Orchidaceae excisus
Dans cette peinture issue de la série Organicum Hortus, l’artiste nous amène dans un jardin floral inquiétant ponctué de notes minérales. Bien que les matières précieuses évoquent la beauté, une sombre vérité se cache derrière l’éclat des diamants. Dans un climat angoissant, les nuances irisées du nacre perdent leur féérie. Comme quoi, tout ce qui brille n’est pas or.
Créant une analogie entre une orchidée noire épatante (cymbidium kiwi midnight ’geyserland’) et les vulves, l’artiste nous interpelle à propos d’un sujet difficile, à savoir les mutilations génitales féminines. Comme le rappellent de nombreuses associations, l’excision est un problème humain et non africain. Selon l’Unicef, chaque minute, six filles sont excisées, ce qui correspond à 200 millions de femmes dans 31 pays, sur trois continents.
Dans Orchidaceae excisus, les perles baroques ornent les pétales, ce qui évoque les colliers de perles que l’on reçoit en Europe lors de nos mariages. De tous temps, et sur tous les continents, les jeunes filles se devaient d’être vertueuses afin de devenir de bonnes épouses. Malheureusement, l’excision est toujours pratiquée dans certaines sociétés, car elle permet de contrôler la sexualité des femmes, et ainsi, en les privant de plaisir, vise à garantir leur virginité avant le mariage. Le corps des femmes a souvent servi de valeur marchande, car il permettait l’assiduité entre deux familles. Comme le raconte Mambou Aimée Gnali dans son roman L’or des femmes, des jeunes filles pauvres sont contraintes d’épouser des hommes bien plus âgés afin de pouvoir mener une vie confortable. Mais quel prix doivent payer les femmes ?
Il y a quelque années, Carine Bovey lisait un article publié le 7 octobre 2010 dans le Nouvel Obs racontant le calvaire des orpailleuses de la République Démocratique du Congo. Enlevées dans les zones minières, elles sont victimes de viols collectifs et de mutilations. De ce reportage, une phrase résume l’atrocité de ces témoignages : “Ils cherchent de l’or dans nos vagins.” En effet, dans une région où il n’y a ni banque ni coffre-fort, les femmes cachent parfois des petits colis d’or dans leur vagin. Les groupes armés le savent et se servent de ce prétexte pour kidnapper toutes les femmes des villages à partir de 13 ans pour en faire leurs esclaves sexuelles. La barbarie qu’elles subissent rappelle à l’artiste à quel point les femmes sont meurtries dans leur chair en cas de guerre ou d’instabilité politique.

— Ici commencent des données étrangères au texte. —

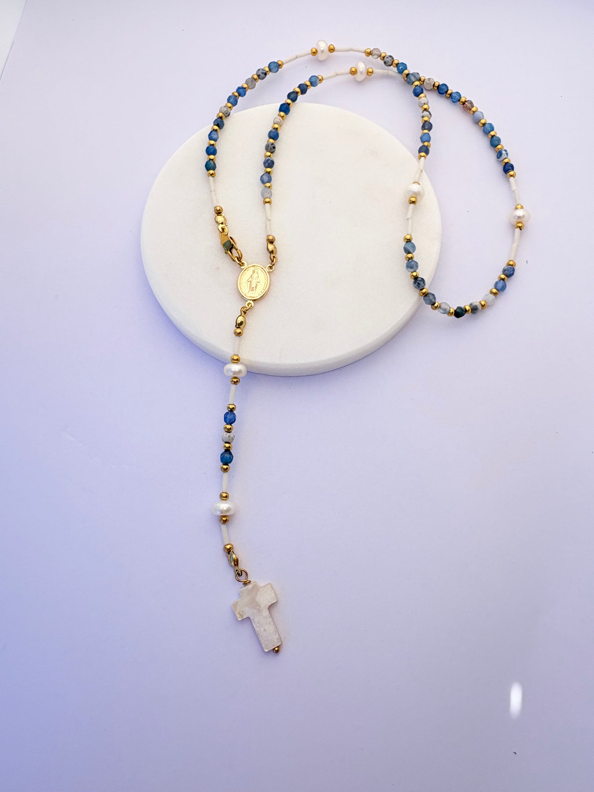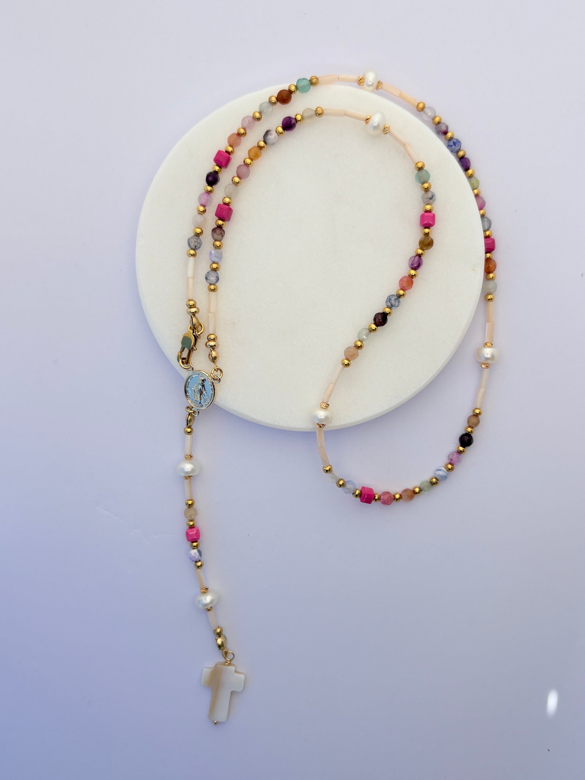 El rosario esta confeccionado con agatas y perlas naturales. Cuenta con cierre en el centro del rosario.
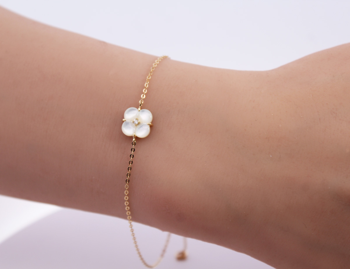Perlmutt Armband Kleeblatt Gelbgold 585 14K Brillant 0.015ct 18
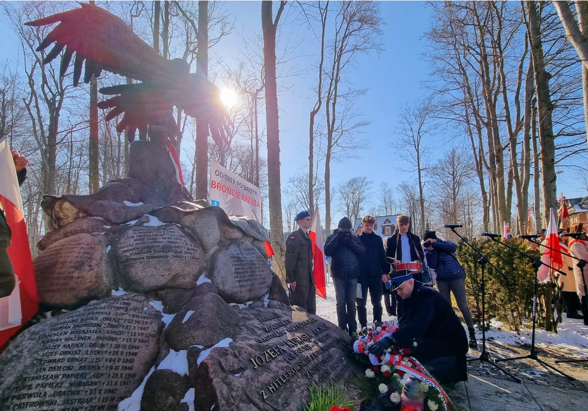 W środę 1 marca br. przy pomniku Józefa Kurasia „Ognia” w Parku im. Prezydenta RP Lecha Kaczyńskiego w Zakopanem odbyły się uroczyste obchody Dnia Żołnierzy Wyklętych. Uczestniczył w nich Komendant Powiatowy Państwowej Straży Pożarnej w Zakopanem st. bryg. Grzegorz Worwa wraz z Zastępcą st. kpt. Jarosławem Kośmińskim oraz poczet sztandarowy Komendy Powiatowej PSP w Zakopanem a także wiele instytucji i szkół, przedstawiciele zakopiańskich samorządów, służb mundurowych, parafii oraz mieszkańcy. Uroczystość poprzedziła uroczysta Msza Święta. Następnie odbył się przemarsz z Sanktuarium na Krupówkach pod pomnik „Ognia”
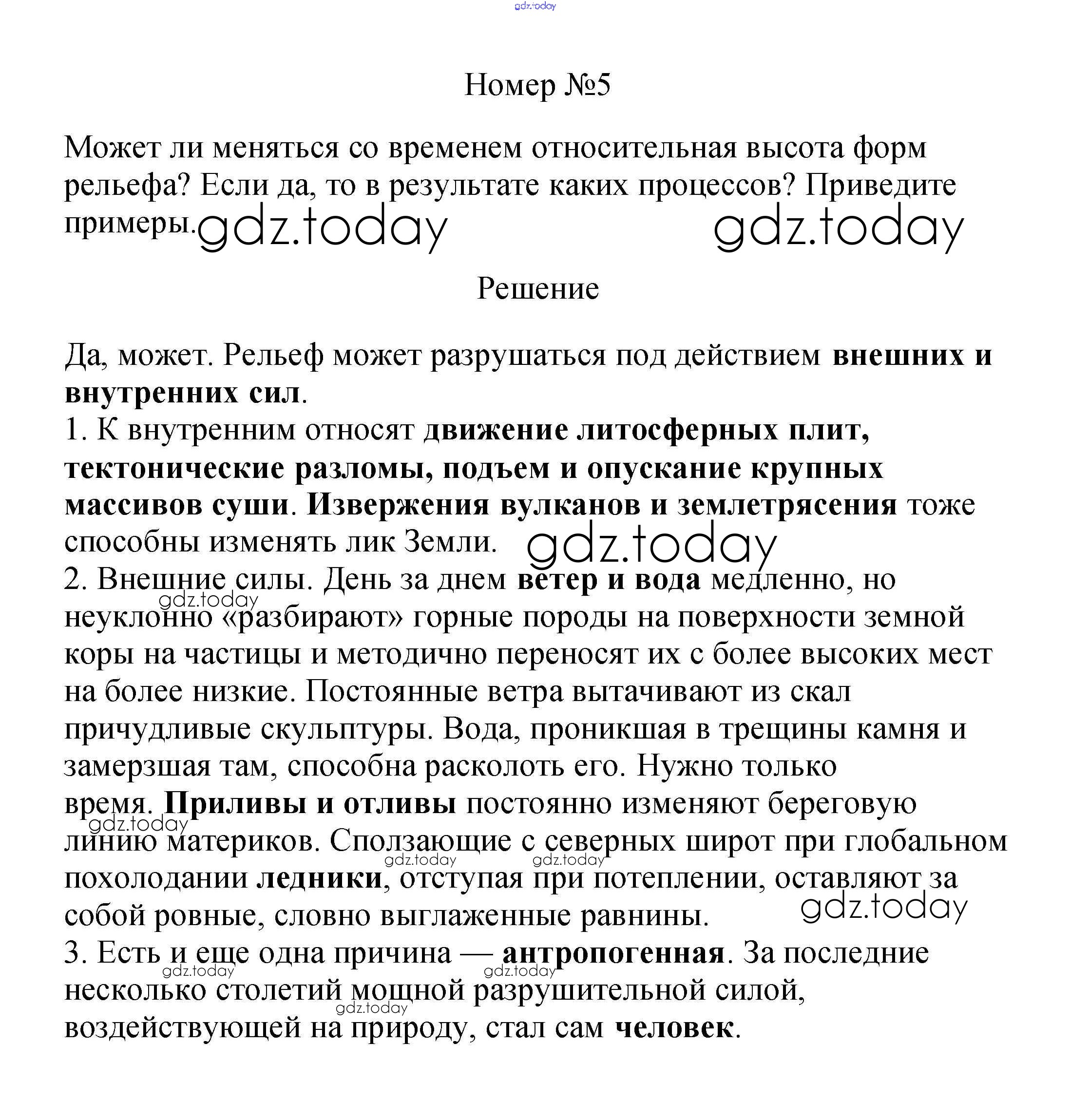 Ответы к Вопросы и задания Решение к §26. Рельеф земной поверхности 5 Учебнику по Географии для 5 класса Летягин Просвещение 2021
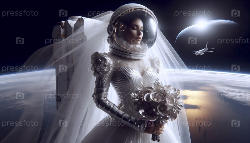 Космическая невеста с завесой перед Землей, Ай создала изображение
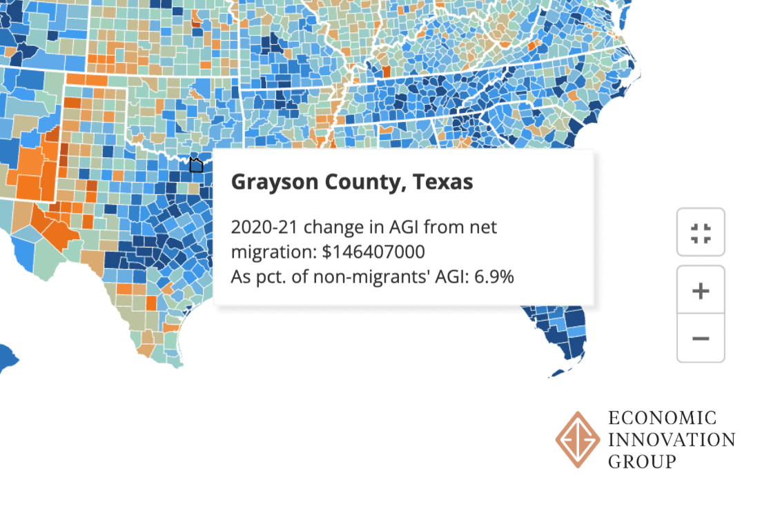 • Geographically, pandemic growth regions like Florida, East Texas, the Southern Triangle, and broad swathes of the Mountain West saw large inflows of income, coinciding with rapid post-pandemic population growth.
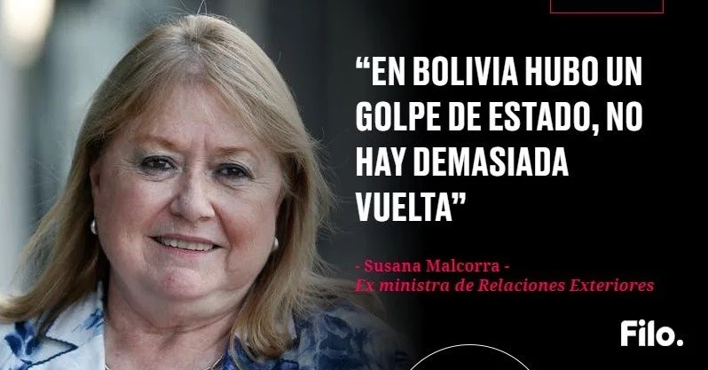 "Acá hubo un golpe de Estado, no es una cuestión debatible, es un golpe de Estado liso y llano. La región supo decirle 'Nunca Más' a los golpes, me parece peligroso que ahora se pongan consideraciones en torno al golpe en Bolivia", dijo Malcorra esta mañana en declaraciones a FM Futurock y radio La Red.
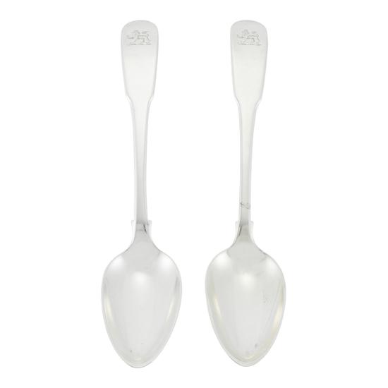 One of a pair of dessert spoons with down-curving fiddle handle, back tipt, egg-shaped bowl and single drop on bowl back. Inscription: Engraved on handle obverse: [Lenox crest.] Mark: Marked on handle reverse: RW [profile head] [lion passant] [date letter C.]
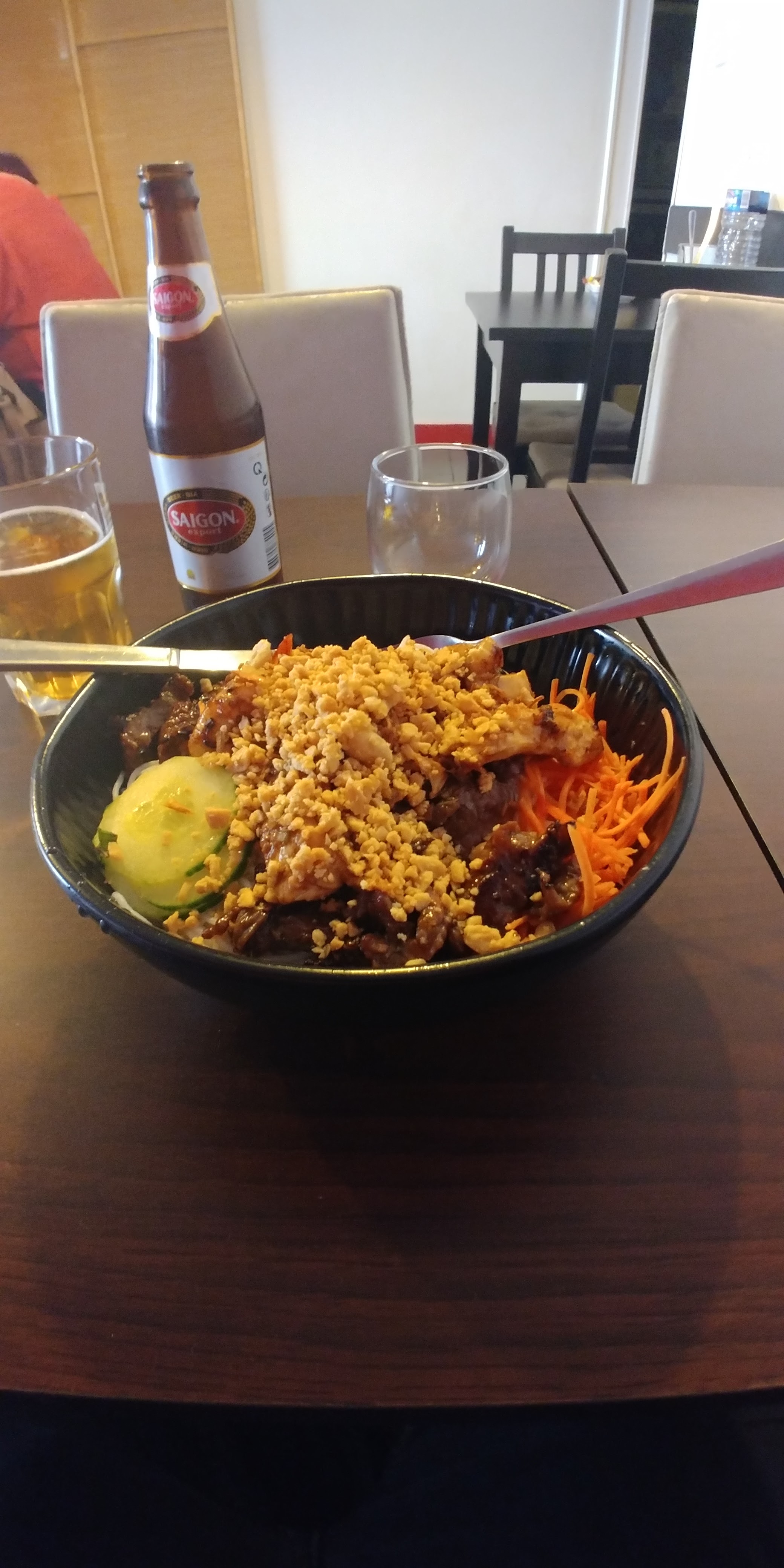 Pas cher, servi rapidement et très bon. La carte tourne principalement autour des salades viet' toute indiquée sans gluten, et il y en a même une végétarienne.
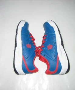 Bei dem Kindertennisschuh K-Swiss Ultrascendor Omni handelt es sich um einen Leder-Tennisschuh in blau rot.
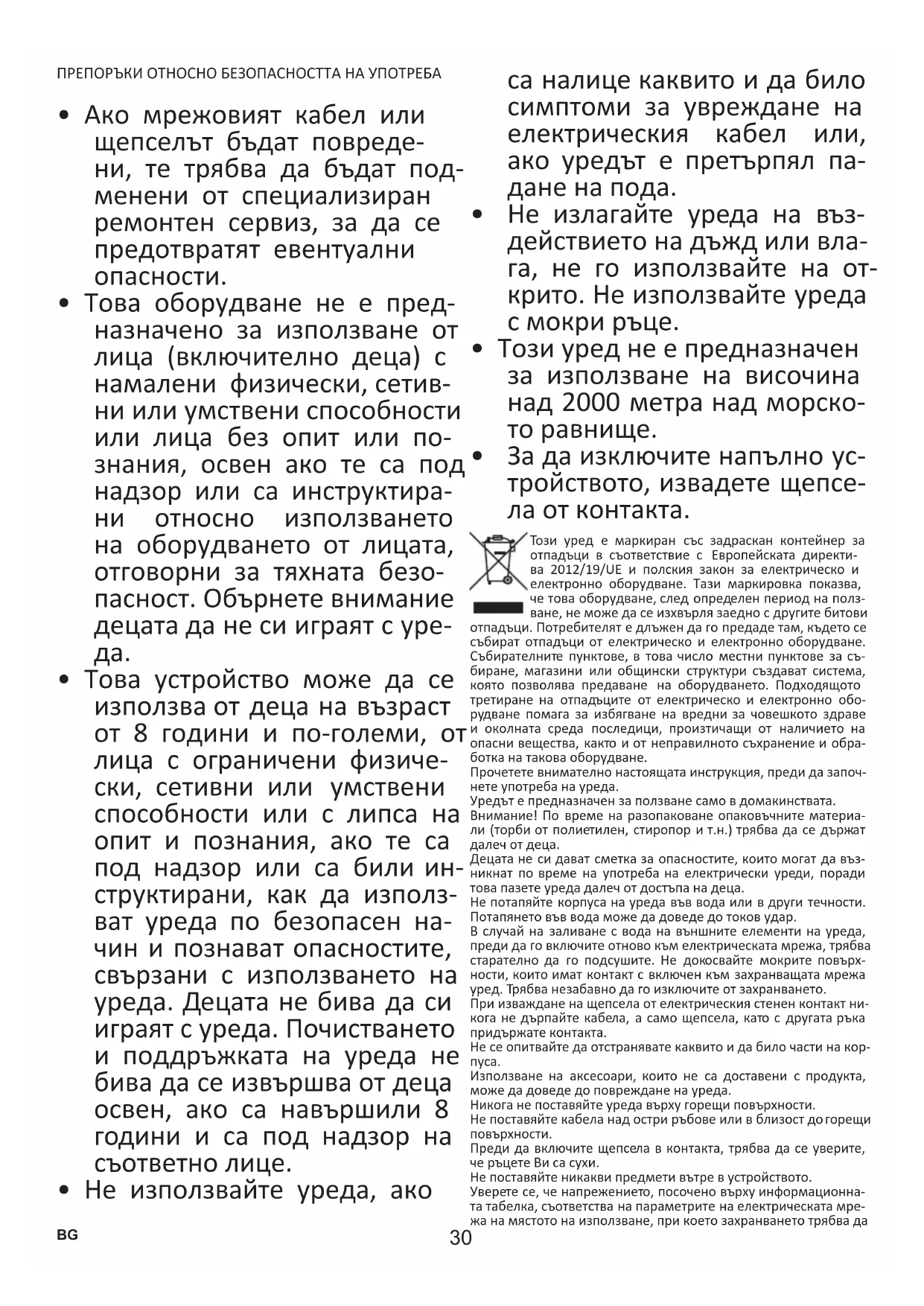 - За да изключите напълно ус- тройството, извадете щепсе- ла от контакта. Този уред е маркиран със задраскан контейнер за отпадъци в съответствие с Европейската директи- ва 2012/19/UE и полския закон за електрическо и електронно оборудване. Тази маркировка показва, че това оборудване, след определен период на полз- ване, не може да се изхвърля заедно с другите битови отпадъци. Потребителят е длъжен да го предаде там, където се събират отпадъци от електрическо и електронно оборудване. Събирателните пунктове, в това число местни пунктове за съ- биране, магазини или общински структури създават система, която позволява предаване на оборудването. Подходящото третиране на отпадъците от електрическо и електронно обо- рудване помага за избягване на вредни за човешкото здраве и околната среда последици, произтичащи от наличието на опасни вещества, както и от неправилното съхранение и обра- ботка на такова оборудване. Прочетете внимателно настоящата инструкция, преди да започ- нете употреба на уреда. Уредът е предназначен за ползване само в домакинствата. Внимание! По време на разопаковане опаковъчните материа- ли (торби от полиетилен, стиропор и т.н.) трябва да се държат далеч от деца. Децата не си дават сметка за опасностите, които могат да въз- никнат по време на употреба на електрически уреди, поради това пазете уреда далеч от достъпа на деца. Не потапяйте корпуса на уреда във вода или в други течности. Потапянето във вода може да доведе до токов удар. В случай на заливане с вода на външните елементи на уреда, преди да го включите отново към електрическата мрежа, трябва старателно да го подсушите. Не докосвайте мокрите повърх- ности, които имат контакт с включен към захранващата мрежа уред. Трябва незабавно да го изключите от захранването. При изваждане на щепсела от електрическия стенен контакт ни- кога не дърпайте кабела, а само щепсела, като с другата ръка придържате контакта. Не се опитвайте да отстранявате каквито и да било части на кор-

Partout dans le monde, les crimes de guerre sexistes sont devenus une nouvelle arme servant à anéantir et déstabiliser la société.
Orchidaceae excisus s’inscrit dans la continuité de l’oeuvre de l’artiste visant à nous faire réfléchir sur le genre et la manière dont il est perçu dans nos sociétés. Bien qu’elle se base sur des histoires sombres, cette peinture est tout de même porteuse d’un espoir. Sa forme perforée, qui a priori rappellerait une goutte de sang, pourrait également symboliser une goutte de cyprine, tout comme l’éclat de l’or et des perles la joie. L’artiste pense que la raison est plus forte que l’ignorance et qu’elle finira par l’emporter. La grâce tiomphera.